Nope, not yet. I plan to do to try them either later this week or next weekend.


----------



## Gary Beasley (Jan 21, 2009)

Mind if I ask what a McNaughton tool is supposed to be?


----------



## rrbrown (Feb 15, 2009)

I'm with Gary, can someone please explain what it is for?


----------



## john lucas (Sep 18, 2007)

Sorry about that. This is a Mcnaughton coring tool. It is used to get more than one bowl out of a blank. The tools have different curves that you put into the wood using special tool holder that helps keep the tool from twisting. 
There is a learning curve. I have managed to get 4 bowls out of a 19" half log. The smallest is about 8" across. When my skills and how to use the tools get better I should be able to get 5 maybe 6 out of a piece this size. The really good guys can get one or two more.
The original tools have a ground on tip that is larger and takes a bigger kerp. They also don't stay sharp very long. I added the carbide cutter because it's supposed to last many times as long.


----------



## rrbrown (Feb 15, 2009)

John thanks for the explanation.


----------



## Lilty (Dec 20, 2006)

John,

Very nice work on bending the tools.

Lilty


----------



## Texas Sawduster (Apr 27, 2009)

Nice work. Looks like a DNMG carbide insert on the end of that tool.


----------



## slatron25 (Dec 18, 2007)

That's looking good John. I'm looking forward to seeing how well they work. Keep us posted.


----------



## jdiner (Oct 22, 2009)

john lucas said:


> I decided to try my hand at making my own McNaughton coring tools. Mike Hunter is re-tipping the tools with a carbide cutter and I wanted to try that so I got a tip from him. I used a homemade bending jig to bend the steel, then cut it to shape with a hacksaw. I milled the slot for the cutter and then drilled and tapped the hole. I made the bar a smaller and tighter radius than the previous cutters I have.
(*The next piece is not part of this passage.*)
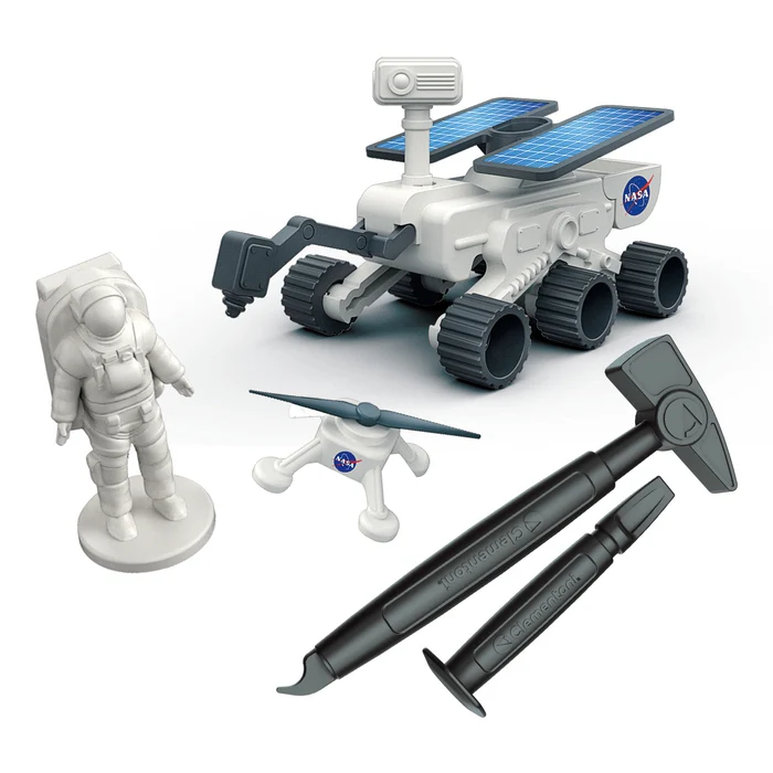Zestaw zawiera gipsową cegłę, młotek i dłuto do odkopania i wydobycia na światło dzienne łazika marsjańskiego, drona, astronauty i fragmentu meteorytu!

I would love to try my hand at doing the same kind of thing and making a home made coring tools. I would be very interested in seeing your overall design if you have one. Any more pictures? Willing to write up what you did as you constructed it?
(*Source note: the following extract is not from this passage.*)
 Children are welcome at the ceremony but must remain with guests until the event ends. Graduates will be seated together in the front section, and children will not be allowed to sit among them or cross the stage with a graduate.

I have never tried to bend those kind of curves into steel before. You mentioned it was a homemade bending jig. Nice a quick search and there it is right here on this forum. Fabulous. Thanks for sharing! I have wanted to build some swan neck hollowing tools and wondered how to do it. Very cool. 

I think your version is serious cool.

Thanks!
Joshua


----------



## john lucas (Sep 18, 2007)

The complete article on how to make and use the bending jig will be in a future issue of Woodturning Design. Might be 3 to 6 months because they need a lot of lead time.


----------



## jdiner (Oct 22, 2009)

john lucas said:


> The complete article on how to make and use the bending jig will be in a future issue of Woodturning Design. Might be 3 to 6 months because they need a lot of lead time.


Awesome. I will have to make sure I get that one.

Thanks,
--jdiner


----------



## hughie (Mar 22, 2008)

*how well did it work*

John, I know its a long time ago that this was first posted. But I was wondering how well did the tools work? I take it the material involved was mild steel, with that in mind how well did it take the bending stresses with use?

I have been considering building my own similar rig for awhile. But time constraints and other pressing duties :smile: SWMBO and the grand kids etc have not helped


----------



## wildwood (Jan 25, 2011)

Great job really nice looking tools. Do you already have the adapter kit for small blades and tool support for larger blades?


----------



## Wooduse (Jan 17, 2011)

*Video of use*

Have you tried to use this thing yet. It looks just like the McNaulton system. I would love to see a video when you have time to make one. Have you made a materials list and price list. I would like to try to make one of these myself.

Thanks,
Joey:thumbsup:


----------



## john lucas (Sep 18, 2007)

I know I've been remiss on doing anything with this but I had a death in the family that has taken a huge toll on my free time for the last 4 months. I am hopefully going to do the finishing touches on that house this weekend which will free up some time. 
I'm using the McNaughton tool rest I just made new bars for my handle. I hope to get around to using it again in the next few weeks. I had built a dormer onto my house just before the death and still have some drywall work to do on that since it got put on hold also. It's amazing how time consuming redoing a house can be.


----------